#### INPUT DATA
╔══

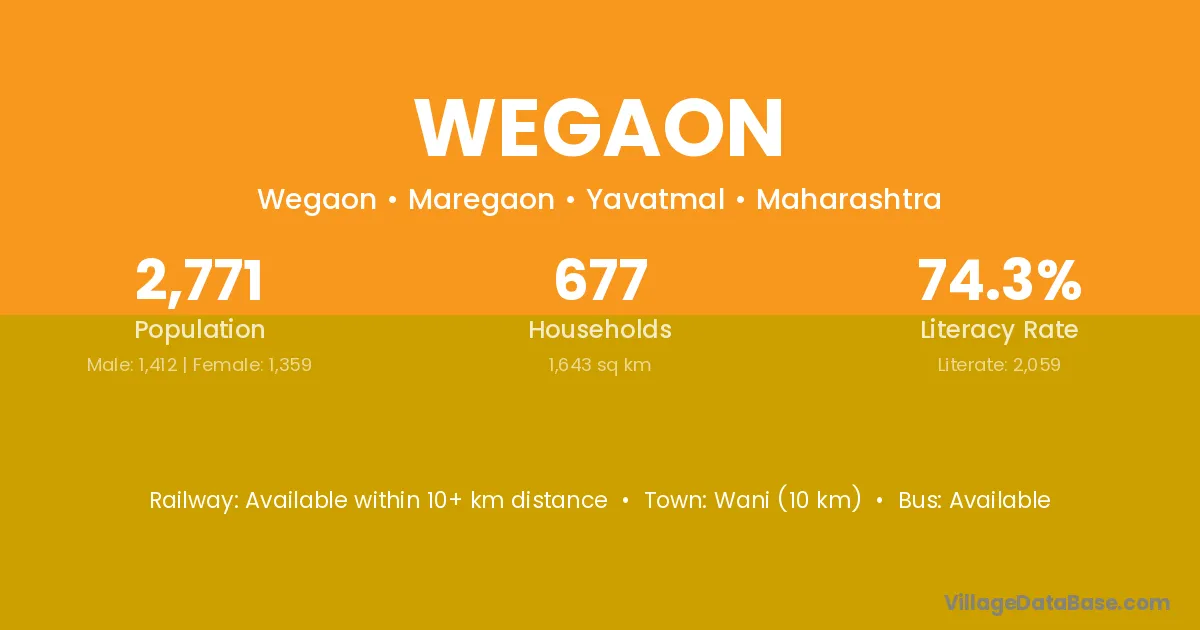 Wegaon village has a total population of 2,771 people, of which 1,412 are males and 1,359 are females.
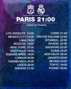 تتجه أنظار عشاق الساحرة المستديرة فى جميع أنحاء العالم، فى العاشرة مساء بتوقيت المملكة، صوب ملعب “دي فرانس” بالعاصمة الفرنسية باريس، لمتابعة المباراة المرتقبة بين ليفربول ضد ريال مدريد فى نهائي دوري أبطال أوروبا للموسم الحالي 2021-2022 وسط أجواء شديدة الحماسية بين الفريقين.
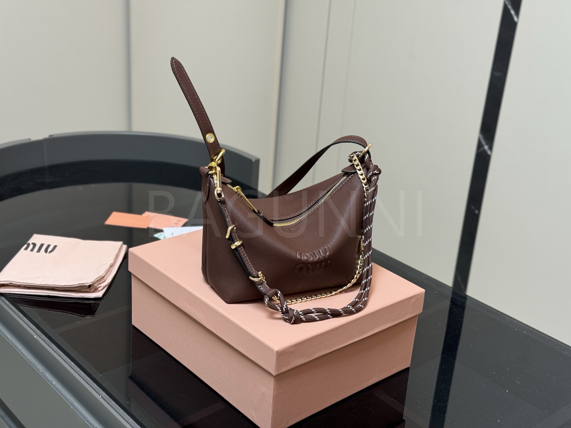 미우미우 캔버스 박스 숄더백입니다. 캔버스 특유의 질감이 자연스럽게 살아 있으며 브랜드 특유의 분위기를 편하게 즐기기 좋습니다.

╚══

#### TASK ITEM
The answer should contain every line of the material exactly as written and no pictures.

#### ANSWER SECTION
 Wegaon village has a total population of 2,771 people, of which 1,412 are males and 1,359 are females.
 تتجه أنظار عشاق الساحرة المستديرة فى جميع أنحاء العالم، فى العاشرة مساء بتوقيت المملكة، صوب ملعب “دي فرانس” بالعاصمة الفرنسية باريس، لمتابعة المباراة المرتقبة بين ليفربول ضد ريال مدريد فى نهائي دوري أبطال أوروبا للموسم الحالي 2021-2022 وسط أجواء شديدة الحماسية بين الفريقين.
 미우미우 캔버스 박스 숄더백입니다. 캔버스 특유의 질감이 자연스럽게 살아 있으며 브랜드 특유의 분위기를 편하게 즐기기 좋습니다.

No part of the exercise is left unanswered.